RAW DATA: Begin

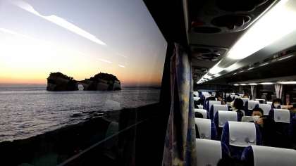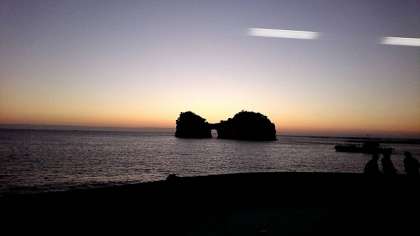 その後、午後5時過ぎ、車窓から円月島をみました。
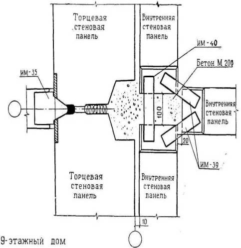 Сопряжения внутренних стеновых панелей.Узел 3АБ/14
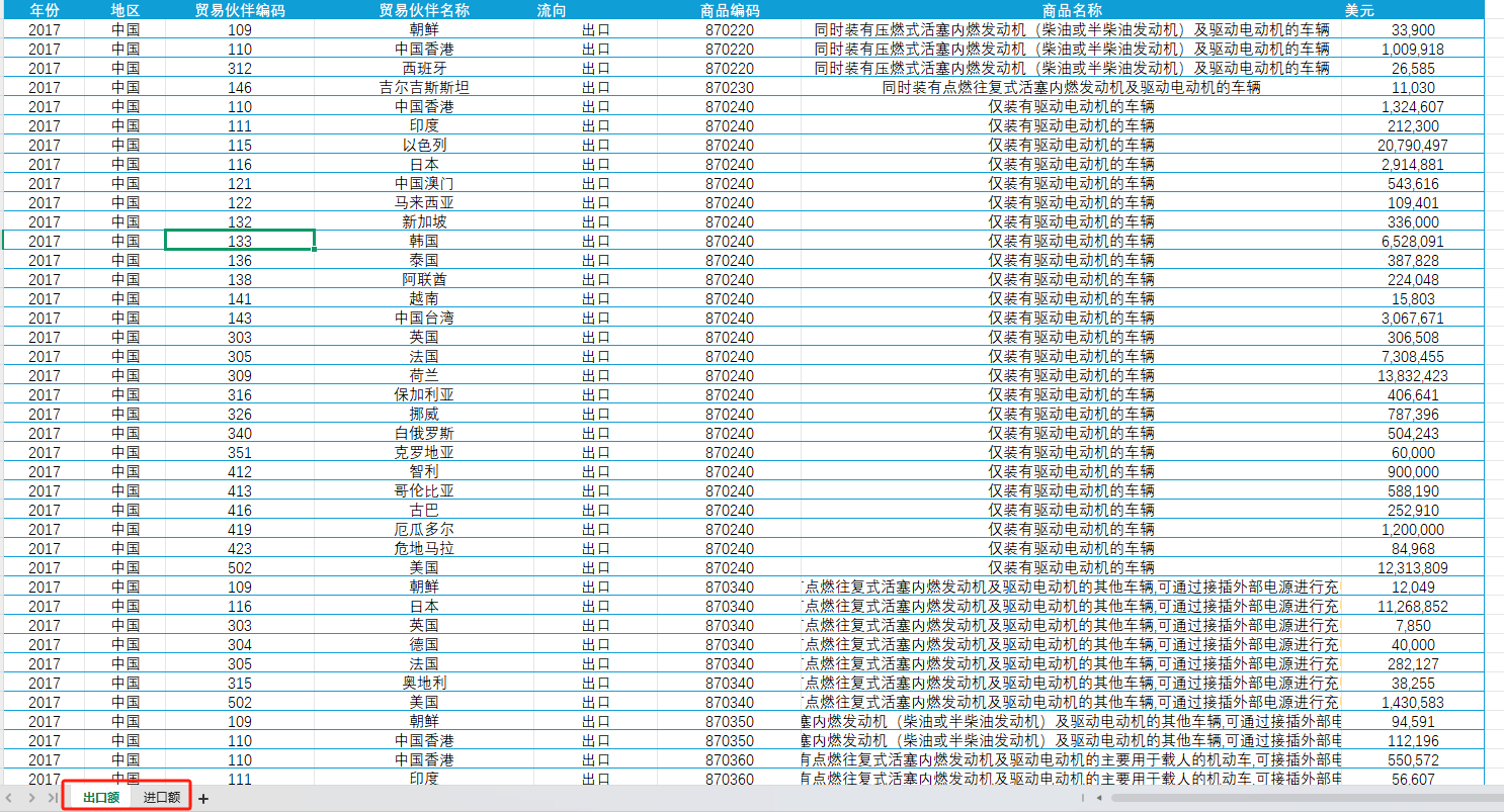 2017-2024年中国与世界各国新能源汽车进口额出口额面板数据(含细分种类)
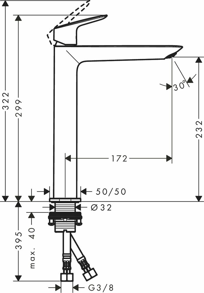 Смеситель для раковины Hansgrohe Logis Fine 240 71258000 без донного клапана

RAW DATA: End

WHAT YOU SHOULD DO.
What this calls for is the material above set down exactly, pictures excluded.

EXERCISE ANSWER.
 その後、午後5時過ぎ、車窓から円月島をみました。
 Сопряжения внутренних стеновых панелей.Узел 3АБ/14
 2017-2024年中国与世界各国新能源汽车进口额出口额面板数据(含细分种类)
 Смеситель для раковины Hansgrohe Logis Fine 240 71258000 без донного клапана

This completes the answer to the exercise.